Problem to work on:
Please give back exactly the line with "The Trio Luxe" and each line after it through the end of the material, leaving out the pictures.

Provided data:

-- -- --

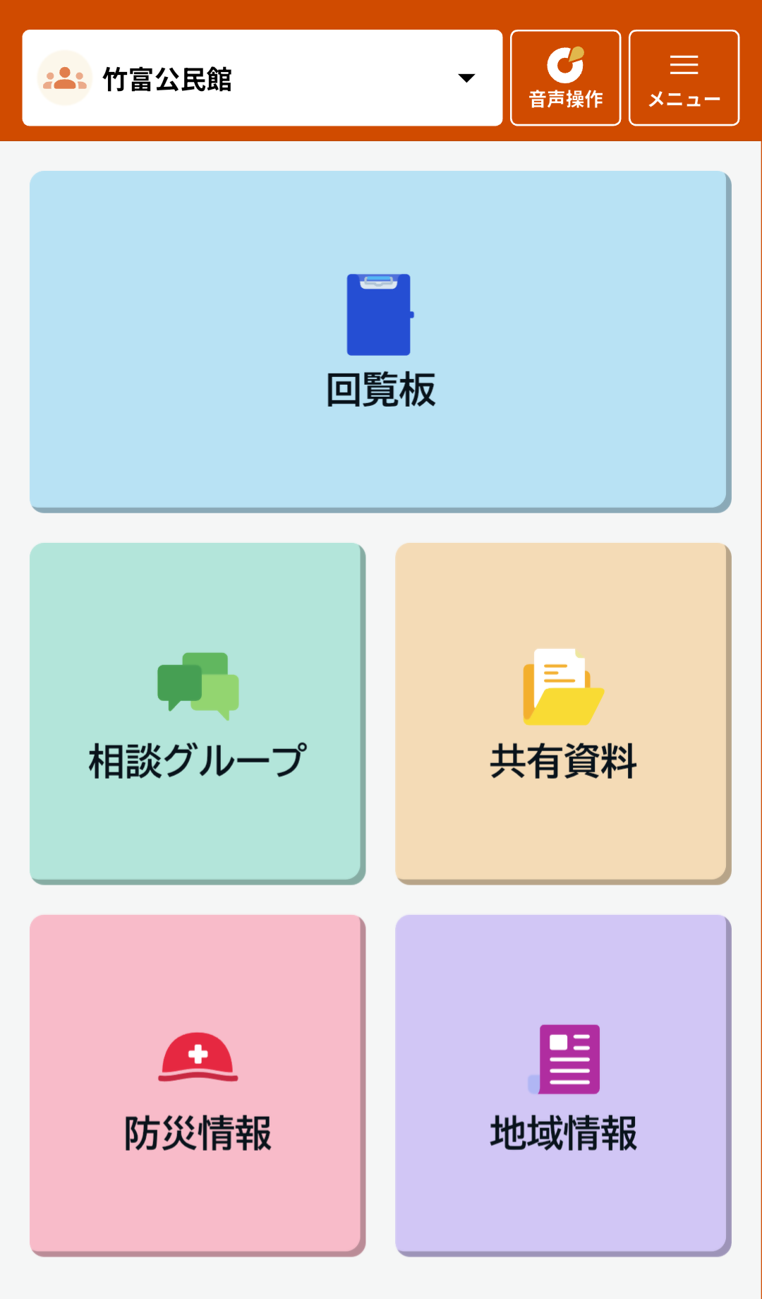 相談グループ | グループチャットに似た機能であり、特定のメンバー(公民館役員、青年会等)で情報の共有ができます。 | |
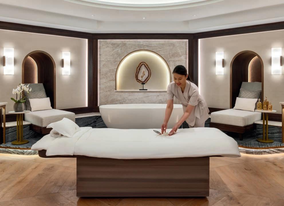 The Trio Luxe begins with an exfoliation and massage with synchronised movements, aromatherapy and sound therapy. It then transitions to a bespoke facial, which includes the application of skincare masks and face massage techniques – namely cupping and gua sha – to leave the face, neck and décolleté firm, bright and nourished. A deep tissue enhancement can be added on for US$30 (€28, £23) more.
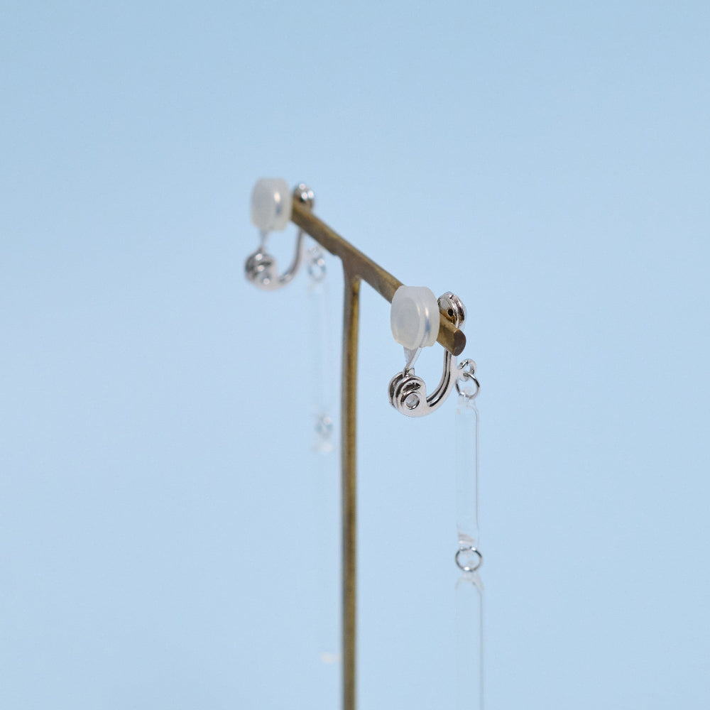 イヤリングパーツには、耳の厚みに合わせて微調整が可能なカシメ式のパーツを使用しています。

-- -- --

Task response:
 The Trio Luxe begins with an exfoliation and massage with synchronised movements, aromatherapy and sound therapy. It then transitions to a bespoke facial, which includes the application of skincare masks and face massage techniques – namely cupping and gua sha – to leave the face, neck and décolleté firm, bright and nourished. A deep tissue enhancement can be added on for US$30 (€28, £23) more.
 イヤリングパーツには、耳の厚みに合わせて微調整が可能なカシメ式のパーツを使用しています。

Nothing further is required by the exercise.